Person of interest: Barry McCarthy

A Netflix and Spotify veteran, Barry McCarthy took over as CEO from Peloton co-founder John Foley in February this year—smack in the middle of massive layoffs and other cost-cutting efforts.

Initially taken aback by how deep supply chain issues ran at the firm, he’s been trying to revive the ailing business and increase cash flow by growing subscription revenue.

In the shareholder’s letter accompanying the company’s fourth quarter results in August, McCarthy compared the company to a cargo ship that found itself in rough waters.

He wrote: “We’ve sounded the alarm for general quarters. Everyone’s at their station. We continue to add new inputs to evolve our go to market strategy to restore growth. When will the ship respond is the question. Our goal is FY23.”

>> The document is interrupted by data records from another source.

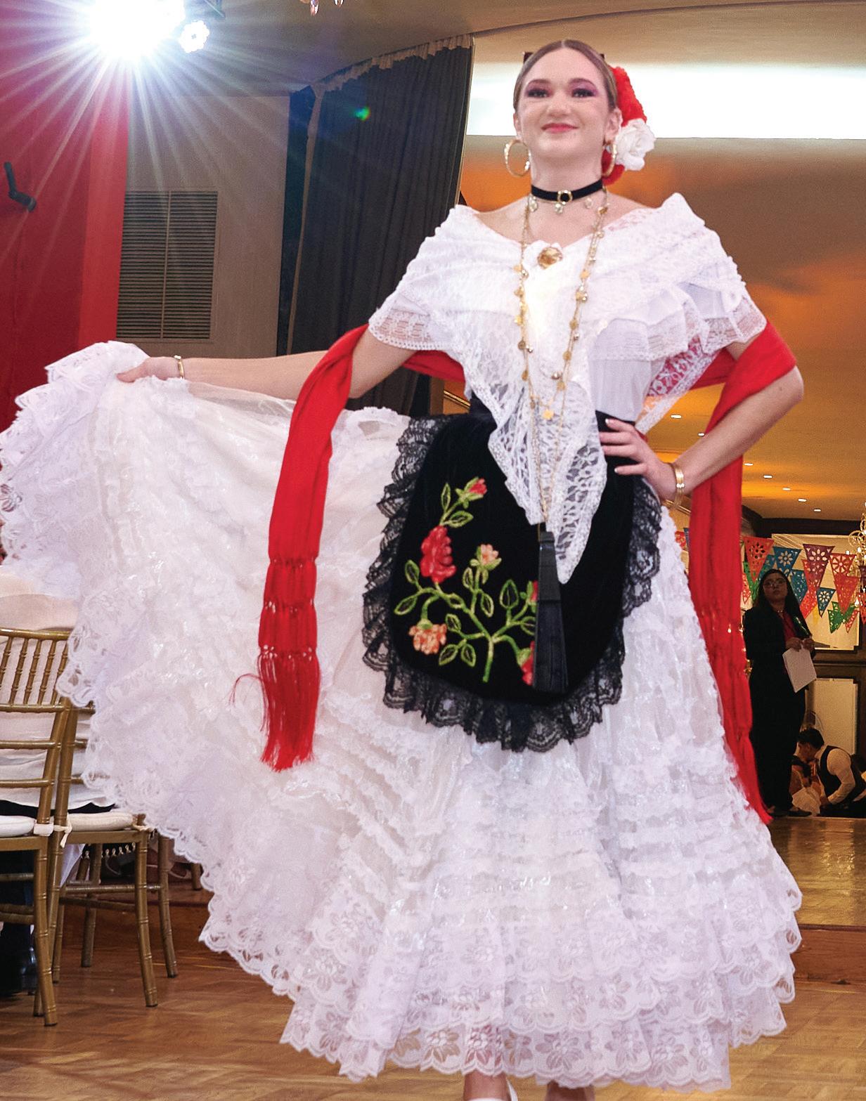 Con un hermoso traje veracruzano, nuestra reina María Isabel Inguanzo Gómez representó al Centro Deportivo Español en la celebración de la independencia de México, organizada por el Casino Tampiqueño el 15 de septiembre. Su espectacular atuendo jarocho, en blanco con acentos en rojo, realzó su belleza y porte.
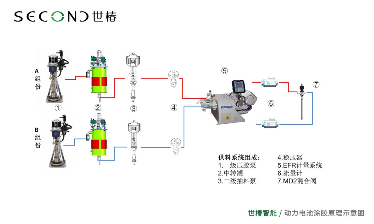 世界杯现场直播平台智能动力电池涂胶机设备主体由上料系统、中转系统、供料系统、计量系统、分配系统等组成,搭配缺料监控、压力监控、流量监控等功能,通过软件控制和信息化管理(MES系统)集成为一个具备胶水原料处理、精确计量、自动混合的涂胶机,具备出胶连续均匀、高稳定、高精度、高耐磨等优势性能,有效提高了产线的整体生产效率。
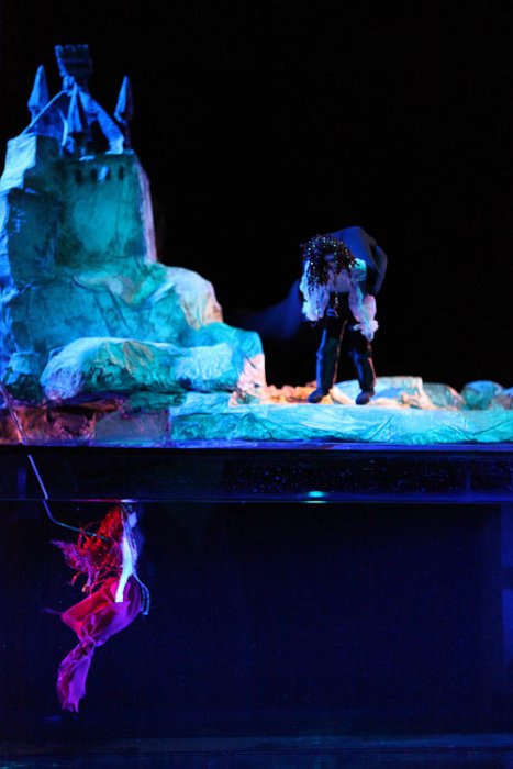 La particolarità di questo spettacolo è la tecnica: marionette acquatiche. Lo spettacolo infatti viene fatto all’interno di un acquario nelle scene marine, e al di sopra di esso nelle scene nella superficie.
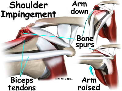 Biceps ruptures generally occur in people who are between 40 and 60 years old. People in this age group who've had shoulder problems for a long time are at most risk. Often the biceps ruptures after a long history of shoulder pain from tendonitis (inflammation of hte tendon) or problems with . Shoulder impingement is a condition where the soft tissues between the ball of the upper arm and the top of the shoulder blade (acromion) get squeezed with arm motion.
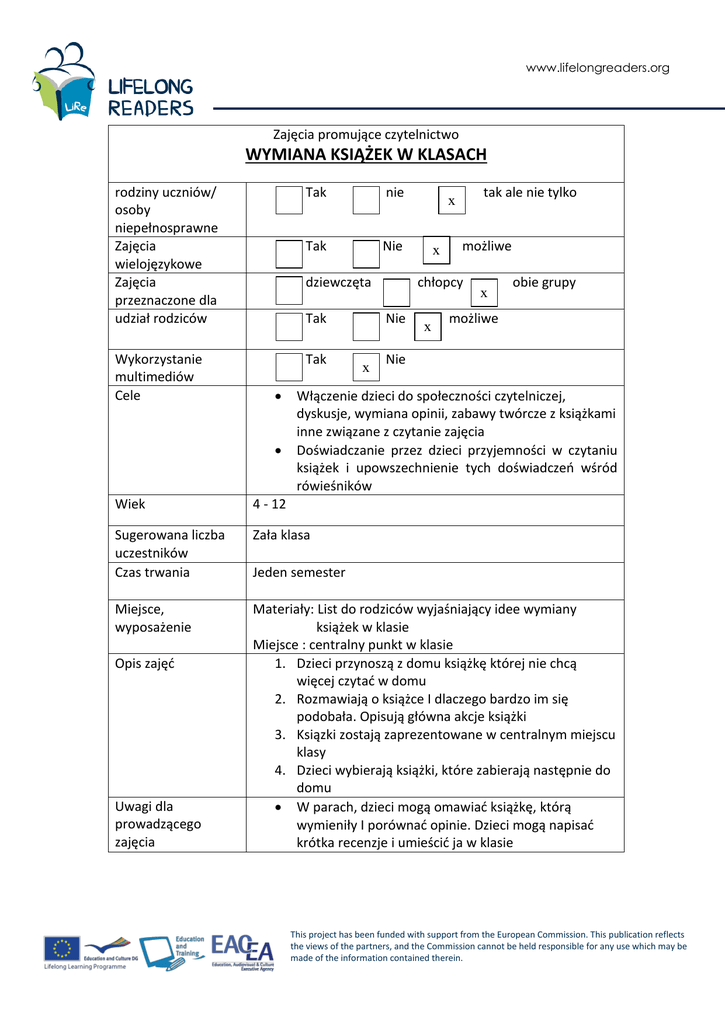 www.lifelongreaders.org Zajęcia promujące czytelnictwo WYMIANA KSIĄŻEK W KLASACH rodziny uczniów/ osoby niepełnosprawne Zajęcia wielojęzykowe Zajęcia przeznaczone dla udział rodziców Tak nie Tak Nie Wykorzystanie multimediów Cele Tak dziewczęta Tak   x możliwe chłopcy Nie x tak ale nie tylko x x x obie grupy możliwe Nie Włączenie dzieci do społeczności czytelniczej, dyskusje, wymiana opinii, zabawy twórcze z książkami inne związane z czytanie zajęcia Doświadczanie przez dzieci przyjemności w czytaniu książek i upowszechnienie tych doświadczeń wśród rówieśników Wiek 4 - 12 Sugerowana liczba uczestników Czas trwania Zała klasa Miejsce, wyposażenie Materiały: List do rodziców wyjaśniający idee wymiany książek w klasie Miejsce : centralny punkt w klasie 1. Dzieci przynoszą z domu książkę której nie chcą więcej czytać w domu 2. Rozmawiają o książce I dlaczego bardzo im się podobała. Opisują główna akcje książki 3. Ksiązki zostają zaprezentowane w centralnym miejscu klasy 4. Dzieci wybierają książki, które zabierają następnie do domu  W parach, dzieci mogą omawiać książkę, którą wymieniły I porównać opinie. Dzieci mogą napisać krótka recenzje i umieścić ja w klasie Opis zajęć Uwagi dla prowadzącego zajęcia Jeden semester This project has been funded with support from the European Commission. This publication reflects the views of the partners, and the Commission cannot be held responsible for any use which may be made of the information contained therein.
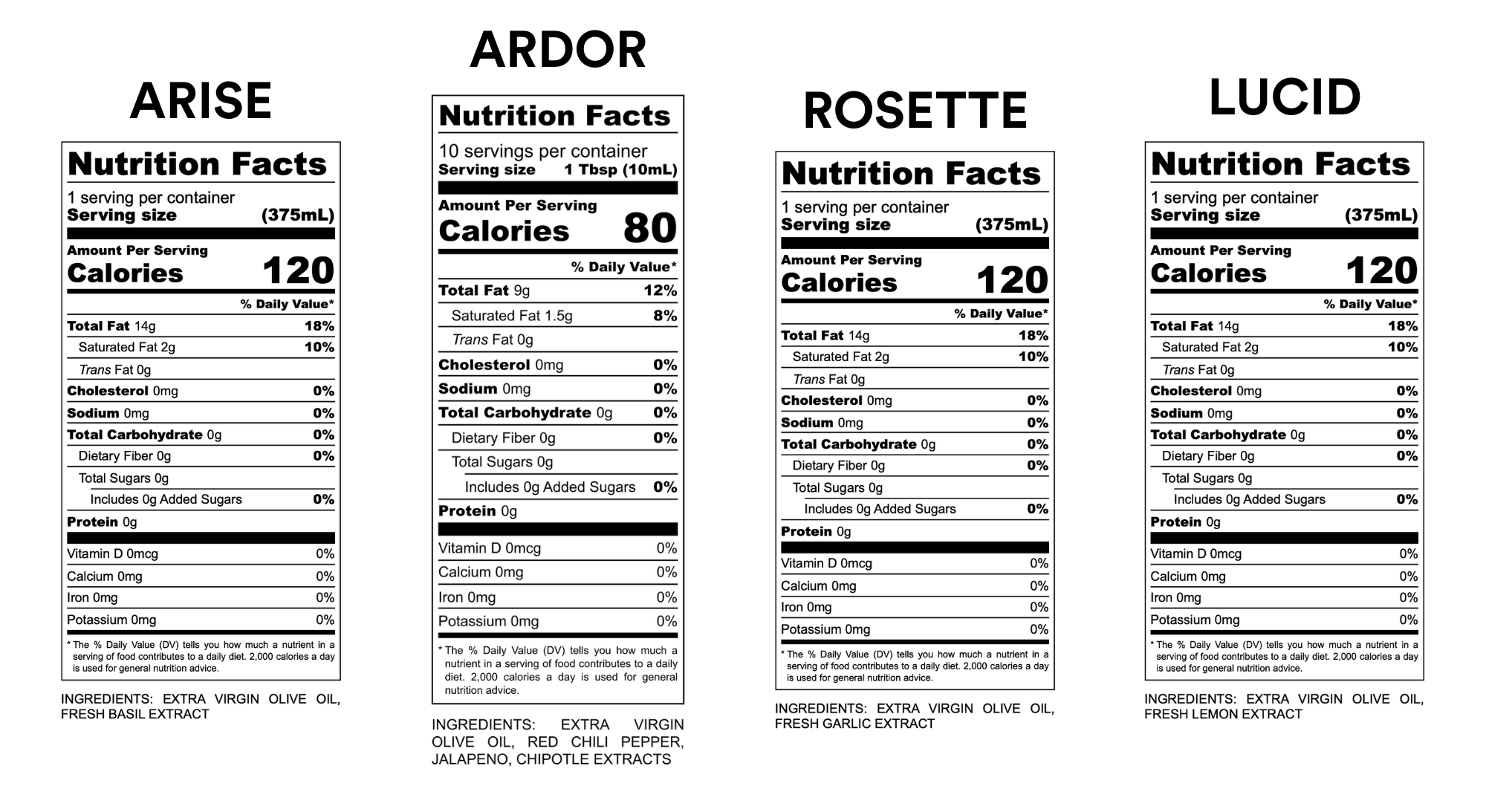 Ardor, Lucid, Rosette and Arise olive oils are made with Arbequina and Arbosana olives.

A brief history of Peloton’s revamping efforts under McCarthy

March 10: Peloton pilots One Peloton Club—a subscription service for its workout equipment and on-demand classes

July 12: Peloton brings its own manufacturing to a halt and outsources to Taiwan-based Rexon Industrial Corp to cut costs

Aug. 12: Peloton cuts 800 jobs, raises prices for Bike+ and Tread machines, and outsources functions like delivery and customer services

Aug. 15: McCarthy says Peloton is redesigning bikes to allow self assembly

Aug. 24: In a shift away from its direct-to-consumer-only strategy, Peloton starts selling select equipment and apparel on Amazon

Sept. 12: Peloton announces sweeping leadership changes, including the departure of co-founder, executive chairman and former CEO Foley as well as co-founder and chief legal officer Hisao Kushi

Sept. 13: Peloton expands its rental program (formerly One Peloton Club) across the US. Customers can rent the original Bike and membership for $89 a month and an addition $150 setup cost. To buy, the original model costs $1,445

Sept. 26: Peloton’s chief marketing officer Dara Treseder prepares to leave the company, effective Oct. 4.

Keep (g)rowing

The company recently announced the release of a smart rower, which is available for pre-order at $3,195. (It won’t be in Dick’s stores.) The fitness classes cost an additional $528 a year. That’s roughly the price of a 7-day cruise.